THE LAST PARTY

[3.8]

It’s certainly amusing watching this on election day 2020, with the insistent pleas that “this is the most important election of our lifetime” echoing with a perverse irony all these 27 years later.  When was the last time anyone looked back at the election of 1992 and thought of it as a decisive moment in American history? Maybe the mists of time have obscured Clinton’s rise as nearly inevitable, with a weak and ineffective challenger in incumbent George Bush (who history has also rehabilitated as a good natured, “decent” politician) and kooky third party nom Ross Perot.  But, as an interesting “youth movement” companion piece to the more professionally produced THE WAR ROOM, THE LAST PARTY serves as a fascinating peek inside the election cycle as it happens, reacting to the anxieties of a populace who sees both major parties as complicit tools of oppression.  What is probably most striking is the use of Robert Downey Jr. as our free spirited guide, stand-in for the youths of America, whose performative Ken Kesey-inspired pranksterism stands at such odds to his modern-day embodiment of elite capitalism (the man played billionaire Tony Stark for over a decade, y’all).  There’s a tragic melancholy that hangs over the whole film then, one not inherent in the production but integral to its reception (especially its reception over time) due to the audience’s awareness of what will befall Downey in the years after this film.
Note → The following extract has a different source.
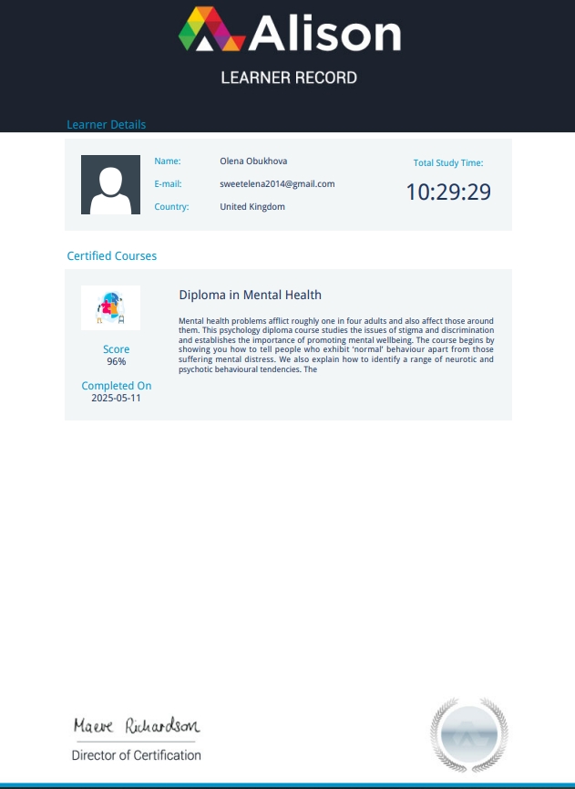 Курс Диплом в области психического здоровья

Even if one were to argue the ‘separate the art from the artist’ line, it certainly doesn’t hold here, as the entire film is built around recognition of personalities and their importance as both individuals and ideas.  In 1992, Downey starred in the hit CHAPLIN that would earn him an Oscar nom, and he was certainly a recognizable face to most of the people he interacts with here. He meets up with Oliver Stone (whose JFK had made a splash the year before and certainly amped up the public distrust of the government), Sean Penn (whose own social activism would ramp up and continue far past Downey’s involvement), Bill Clinton (who wisely engages by simply flashing his trademark smile and humoring Downey), Spike Lee, Jerry Brown, and (in eerie foreshadowing of future elections) John Kerry and Arnold Schwarzeneger.  

I’m curious how Downey’s goofball antics came off at the time of the pic’s release: were they in line with his public persona then? From a modern eye (and probably to many in 1992), he comes off as desperate for attention, childish in his focus and intellectual curiosity, and as the broey class clown who flirts with activism but grows bored with selflessness.  He strips down to his underwear (on several occasions) and poses like a statue in a park, swims in a fountain outside of Wall Street, hops on the floor like a goat (a bizarre recurring ‘skit’ that doesn’t make sense to anyone, including his own father), hangs from a crane in the Democratic convention center, and marches down the street of an AIDS protest in solemn solidarity with a flamboyantly dressed young boy.  It’s hard not to cringe at Downey’s self-seriousness, his ‘bold’ take-down of both Democratic and Republican establishment parties signaling his counter-cultural bona-fides, as he mocks the corporate influence that has infested all of politics, before finally settling into a hazy relief at Clinton’s victory. Downey’s father, the famed indie filmmaker, professes his long disinterest and distrust of politics (which is kind of shocking, considering the satirical nature of his films), but notes that this election is the first time he has felt the anxiety that things need to change, and perhaps Clinton is the only one capable of doing that.  It’s a recognizable baby-boomer sentiment, expressed in real-time, of that wide swathe of America who tuned-in and dropped-out, confident in their own beliefs and values but numb to the possibilities of organizing for political change. If politics is filthy, just stay home.